A collection of open source code that uses the Ada 95 language.
Project | Ada lines of code |
---|---|
Ada Exploiting | 1,675 |
Ada Structured Library | 48,258 |
ALIRE: Ada LIbrary REpository | 50,999 |
Ada 95 Booch Components | 34,073 |
Simple components for Ada | 463,660 |
Fuzzy sets for Ada | 695,430 |
GNAT Studio | 845,908 |
Libadalang-tools | 140,481 |
LinXtris | 5,341 |
PHCpack | 2,492,729 |
PNG_IO | 4,214 |
SHA-1 | 498 |
Ada KALINDA OS | 20,383 |
To download the source into testcases/osc
, run osc.sh
This will download all of the projects in parallel.
Some basic C++ programs. These were used to verify functionality of the LCOM tool on basic C++ code.
git clone https://github.com/amngupta/simple-cpp-programs.git testcases/simple-cpp-programs
Run bash allTest.sh
to run tests.
- Copy any source code into
testcases/<your directory here>
for evaluation. - Many options can be specified. View them with
python3 scripts/allTest.py -h
- Run
python3 scripts/allTest.py <task>
, specifying which tasks you want to run. The following tasks are available:
- build
- wipe_output
- make_dot_graphs
- gen_lcom
- make_lcom_dot_graphs
- combine_csv
- run_gtests NOTE: Will not work without cmake.
Multiple tasks, each separated by a space, can be selected to run in one test. If no task is specified, all of them will run.
Abstract syntax tree traversal is the most complex step.
At a high level, it works using ROSE's AstTopDownProcessing visitor traversal pattern, a recursive pattern that accesses each node from the top down.
This ensures every node is evaluated.
An inherited attribute is copied down to child nodes, but all inherited attributes are static in our approach.
Whenever one of our target node types is seen (e.g., Class=SgAdaPackageSpec*
, Method=SgFunctionDeclaration*
, Attribute=SgInitializedName*
), we process its relationship with the other nodes.
The class is the simplest. When a class node is seen, it is added to the list of classes.
When a method is seen, it is added to the list of methods and associated to its parent class. The parent class is identified by traversing up to parent scopes until a matching class type is seen.
When an attribute is seen, it is added to the list of attributes and associated to its parent method.

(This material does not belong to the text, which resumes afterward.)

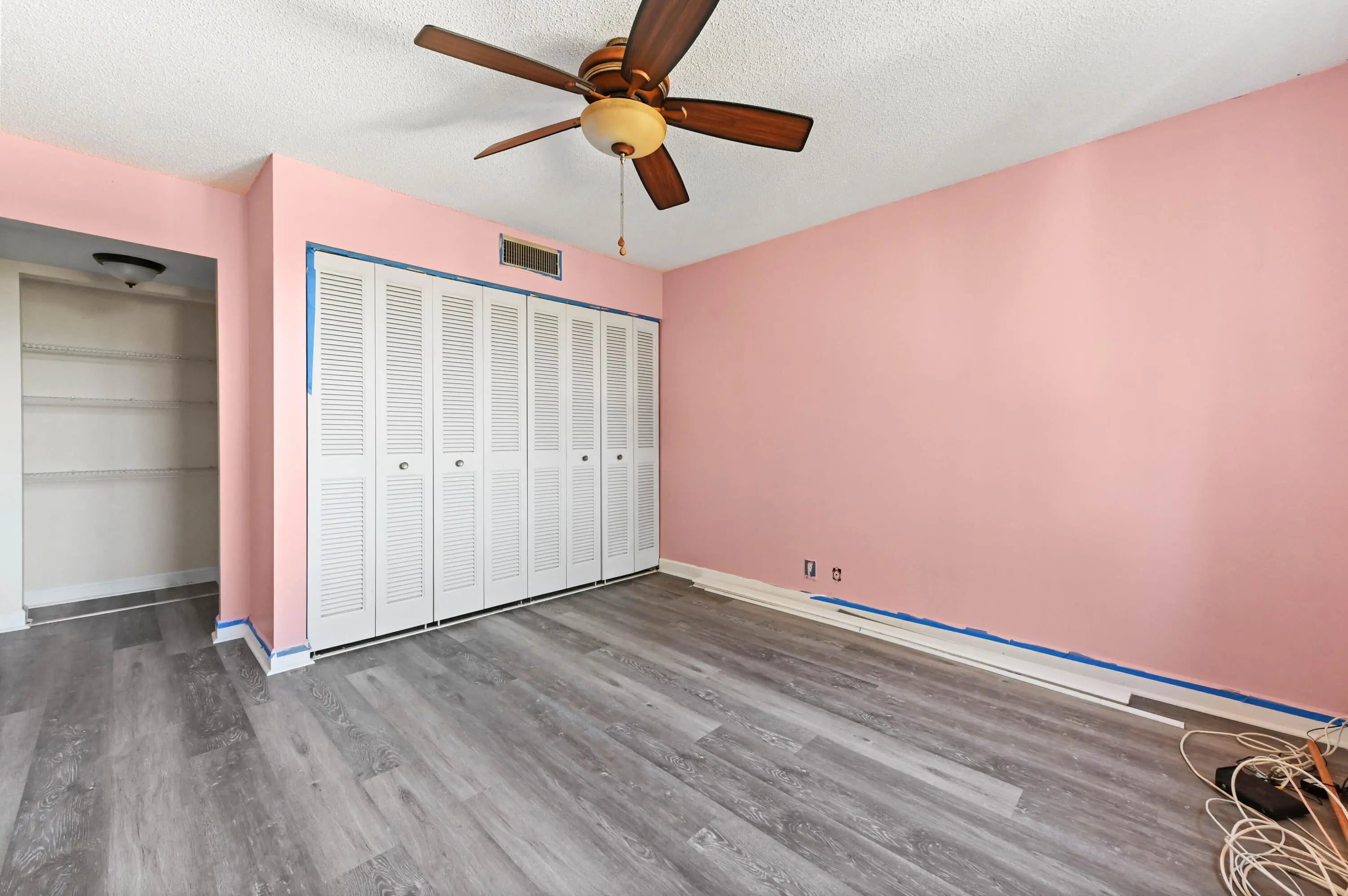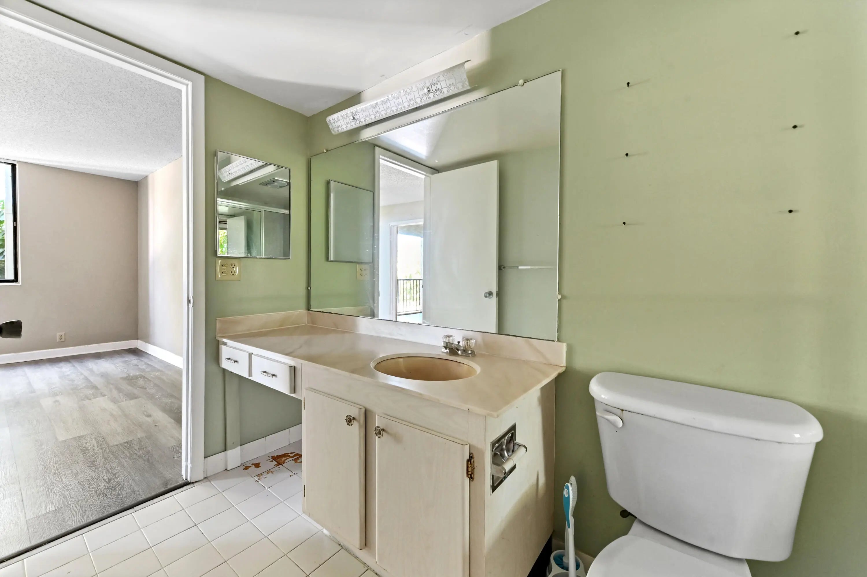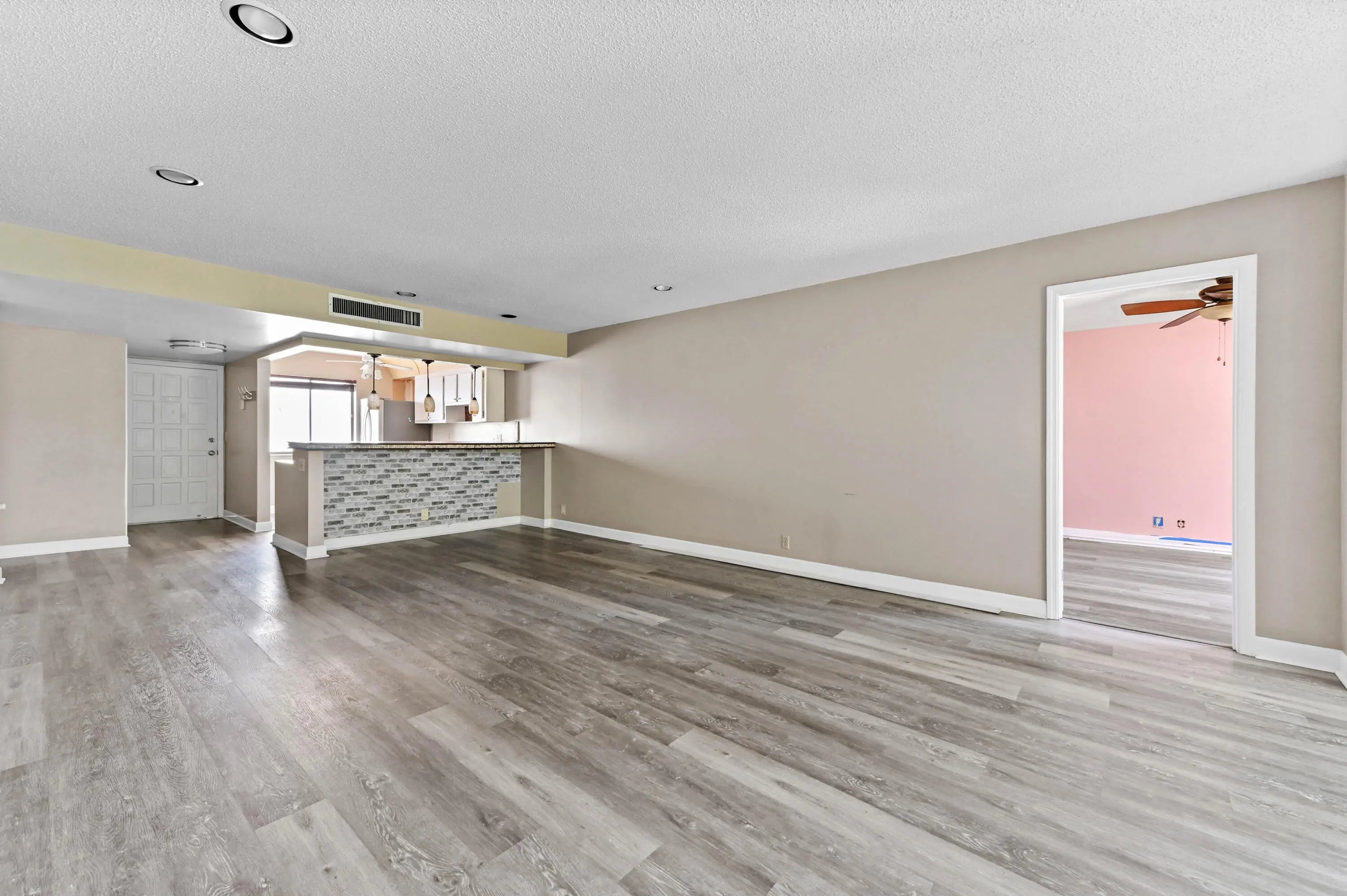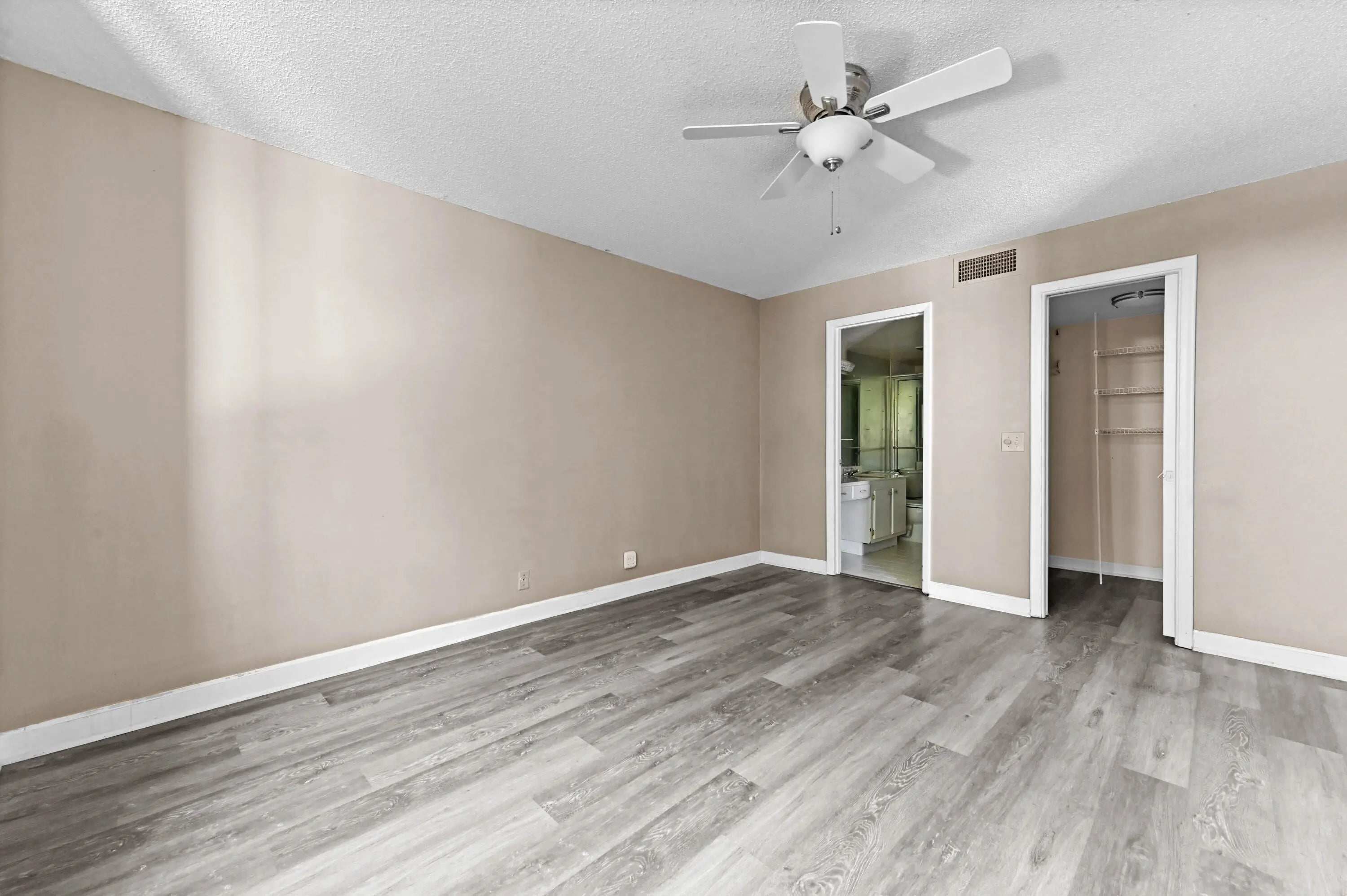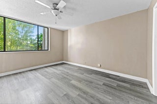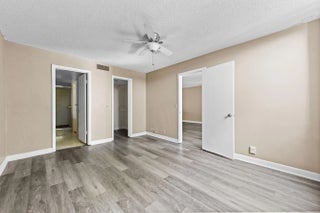 This beautiful condo presents an incredible opportunity for a buyer seeking a stylish, move-in-ready space with significant potential for personalization. The entire residence is modernized by a wide-plank gray wood-look laminate flooring that flows seamlessly throughout, giving the condo a chic, cohesive feel. The bedrooms are spacious and bright, offering a clean canvas for décor. The master bedroom provides direct access to the main bathroom, which offers a large vanity and a glass-enclosed shower/tub combo. The secondary bathroom, painted a soft sage green, features a long vanity with plenty of counter space and an adjacent walk-in closet with wire shelving. With its flooring, bright spaces, and highly functional layout, this condo is a fantastic find, blending modern updates with a prime location and a ready-to-customize aesthetic. The Fountains is a non-mandatory country club w/ both social and tennis membership available

The parent method is identified by traversing up to parent scopes until a matching method type is seen.
When a method is called, it is associated to the method that called it by traversing up to parent scopes until a matching method type is seen.
Attributes and methods can be renamed in Ada and C++, complicating the process of identifying methods that share attributes. When a renaming, pointer, etc. is seen, it is stored in a renaming map, which can be used to look up the root attribute or method associated with the call.
Ada records are used to contain fields, allowing multiple attributes to be tied to a single object. If a record is accessed, it needs to be seen as overlapping with any access to any underlying fields as well. Since record fields can themselves be records, it is possible that a field will be created and later accessed several records down. To accommodate this, we use a tree data structure, where each node is an attribute and children are fields. Every method access to a specific attribute is associated with the corresponding node. To find overlapping method accesses, traverse up from each leaf node to the root, connecting all methods found along each leaf-to-root traversal.
Once the ROSE AST has been traversed and the relationships between classes, methods, and attributes is captured, LCOM1-5 are calculated using the standard approaches outlined here. Additional, normalized metrics are computing by taking the LCOM metric divided by lowest possible cohesion for a class with the given number of methods, where 1 is least cohesive and 1/#methods is the most cohesive.
- LCOM1: The number of pairs of methods that do not share attributes.
- LCOM2: The number of pairs of methods that do not share attributes minus the number of pairs of methods that do share attributes.
- LCOM3: The number of connected components in the graph that represents each method as a node and the sharing of at least one attribute as an edge.
- LCOM4: The number of connected components in the graph that represents each method as a node and the sharing of at least one attribute as an edge. Edges between methods also form when one method calls another within the same class.
- LCOM5: The sum of non-module attributes accessed by a class, defined by the formula
(a-k*l)/(l-k*l)
, wherea
is the number of attribute accesses,l
is the number of attributes, andk
is the number of methods.
Ada has no specific class construct in the language, so identifying an object that could be used as a class is non-obvious. Anything with a distinct scope in Ada could reasonably be used as a class. We elected to use the same eligible local program units chosen by GNATmetric as our class types: packages, functions/procedures/subprograms, and protected objects. GNATmetric also evaluates tasks. In this situation, entries are methods. However, there is no clear way for an entry to reference an attribute, so LCOM is not meaningful here.
To determine if our tool produces the correct results, we must first report our assumptions.
- Attributes that are never accessed do not count toward the attribute count used to calculate LCOM5.
- All methods within a class are considered, even if they have no accessed attributes.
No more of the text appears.